#### [What this task involves]
Return the entries below word for word. No picture belongs in the copy.

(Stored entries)
• • •

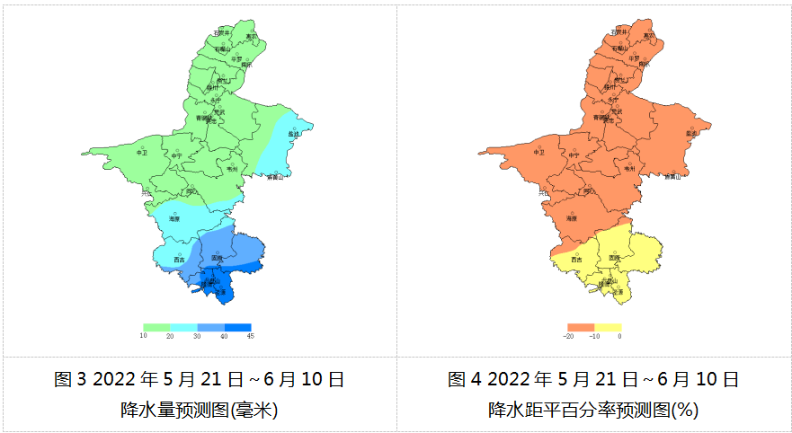 预计2022年5月下旬至6月上旬(5月21日~6月10日),石嘴山市、银川市、吴忠市利通区、青铜峡市、同心县、中卫市沙坡头区、中宁县降水量在10~20毫米之间,吴忠市盐池县、中卫市海原县、固原市西吉县在20~30毫米之间,固原市原州区、隆德县、泾源县在30~45毫米之间(图3);与常年同期相比,石嘴山市、银川市、吴忠市、中卫市偏少10%~20%,固原市偏少10%以内(图4)。
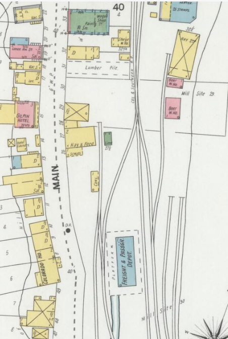 Interesting that is the first time I have heard the frame building across the street referred to as the office/ original for the Gilpin Hotel. In Sanborn maps it is listed as a residence. I wondered on its function in regards to the lumberyard that was next door as there was a fence between. I kind of wondered if the lumberyard was part of the hay grain business. I did not have room to do the hay grain building in my narrow space so I reluctantly omitted it. As a note the Hay Grain building was moved across the street when the Placer mining pit was dug in the depot/ lumberyard area and shows up in a pic that my Dad took in 1962 ![]() It is gone by 1975 (with a bonus pic of the front of the building in question.) ![]()
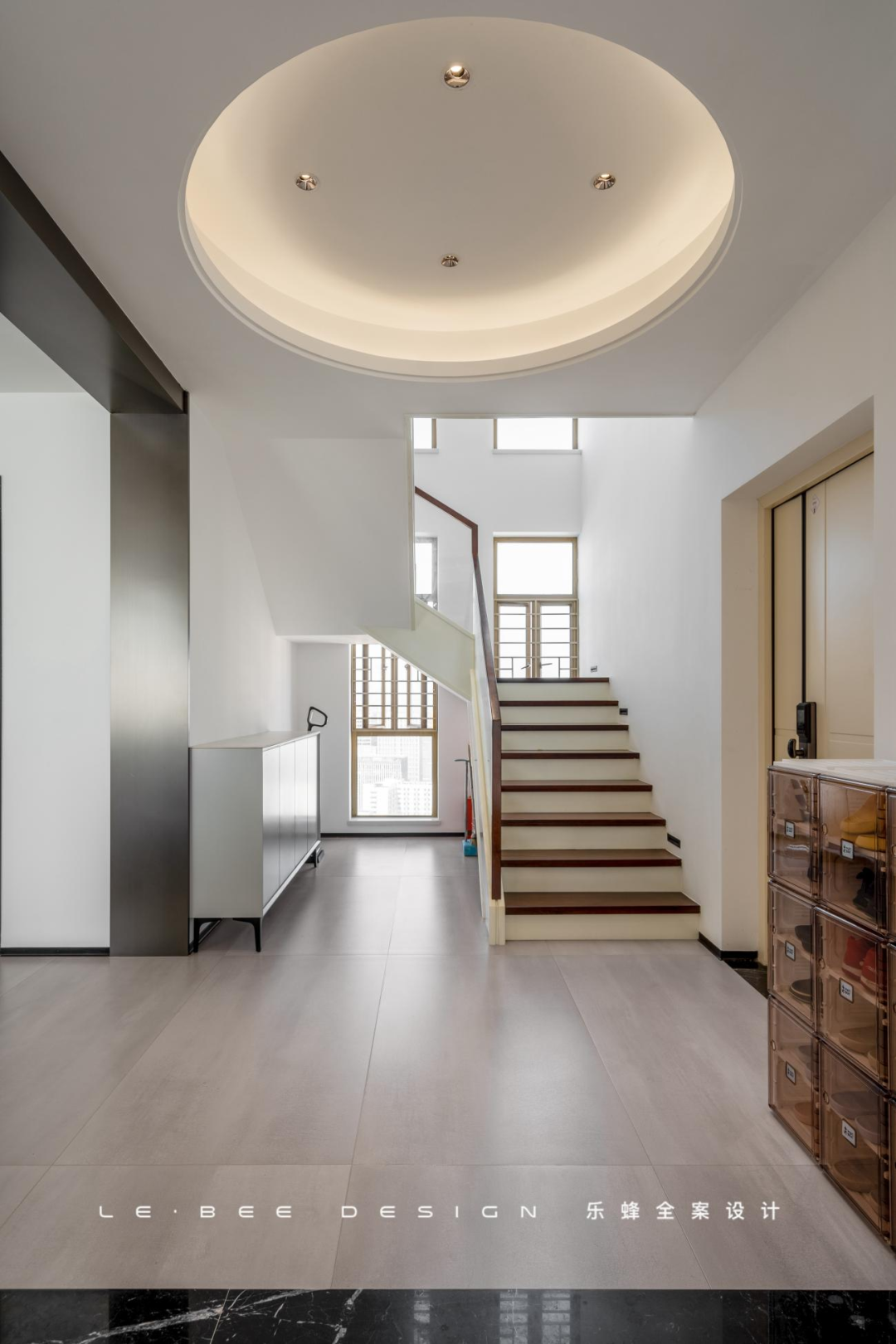 玄關區域設計了特殊造型的吊頂,燈光效果更加聚攏,層次豐富的設計在簡約中勾勒的大氣恢弘。
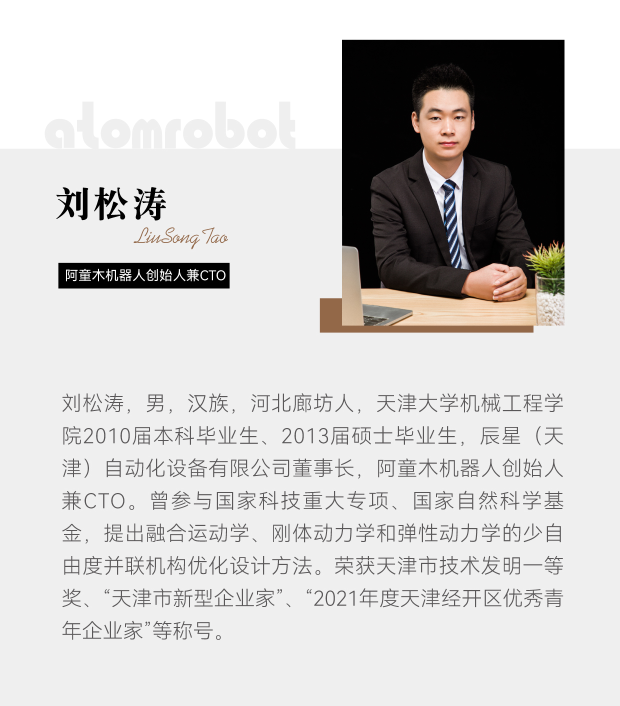 2013年,硕士在读时,刘松涛创办了辰星(天津)自动化设备有限公司,打造“阿童木机器人”高端并联机器人品牌,不到十年时间,公司发展为并联机器人领域知名的制造商与供应商,拥有全系列并联机器人核心自主知识产权,广受客户的认可和信赖,推动国家工业自动化进程。
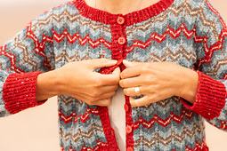This cardigan is worked back and forth in one piece to the underarms, following the Tonnach chart. Fronts and back are shaped separately, then joined at the shoulders, before the sleeves are picked up around the armscye and worked downwards, in the round. After working a ribbed neckband, the front edges are picked up, and finished with i-cord buttonholes / buttonbands. When one number is given it applies to all sizes
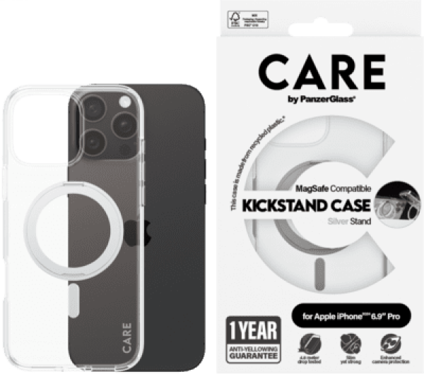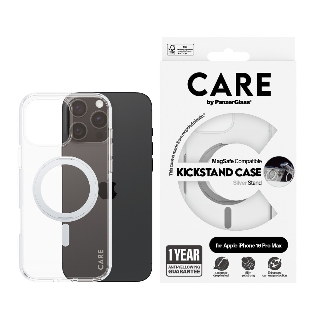 PanzerGlass CARE by ® Feature Case Transparent m. Silber Kickstand & MagSafe iPhone 16 Pro Max. Etui-Typ: Cover, Markenkompatibilität: Apple, Kompatibilität: Apple - iPhone 16 Pro Max, Produktfarbe: Transparent

• • •

#### [Reply]
 预计2022年5月下旬至6月上旬(5月21日~6月10日),石嘴山市、银川市、吴忠市利通区、青铜峡市、同心县、中卫市沙坡头区、中宁县降水量在10~20毫米之间,吴忠市盐池县、中卫市海原县、固原市西吉县在20~30毫米之间,固原市原州区、隆德县、泾源县在30~45毫米之间(图3);与常年同期相比,石嘴山市、银川市、吴忠市、中卫市偏少10%~20%,固原市偏少10%以内(图4)。
 Interesting that is the first time I have heard the frame building across the street referred to as the office/ original for the Gilpin Hotel. In Sanborn maps it is listed as a residence. I wondered on its function in regards to the lumberyard that was next door as there was a fence between. I kind of wondered if the lumberyard was part of the hay grain business. I did not have room to do the hay grain building in my narrow space so I reluctantly omitted it. As a note the Hay Grain building was moved across the street when the Placer mining pit was dug in the depot/ lumberyard area and shows up in a pic that my Dad took in 1962 ![]() It is gone by 1975 (with a bonus pic of the front of the building in question.) ![]()
 玄關區域設計了特殊造型的吊頂,燈光效果更加聚攏,層次豐富的設計在簡約中勾勒的大氣恢弘。
 2013年,硕士在读时,刘松涛创办了辰星(天津)自动化设备有限公司,打造“阿童木机器人”高端并联机器人品牌,不到十年时间,公司发展为并联机器人领域知名的制造商与供应商,拥有全系列并联机器人核心自主知识产权,广受客户的认可和信赖,推动国家工业自动化进程。
This cardigan is worked back and forth in one piece to the underarms, following the Tonnach chart. Fronts and back are shaped separately, then joined at the shoulders, before the sleeves are picked up around the armscye and worked downwards, in the round. After working a ribbed neckband, the front edges are picked up, and finished with i-cord buttonholes / buttonbands. When one number is given it applies to all sizes
 PanzerGlass CARE by ® Feature Case Transparent m. Silber Kickstand & MagSafe iPhone 16 Pro Max. Etui-Typ: Cover, Markenkompatibilität: Apple, Kompatibilität: Apple - iPhone 16 Pro Max, Produktfarbe: Transparent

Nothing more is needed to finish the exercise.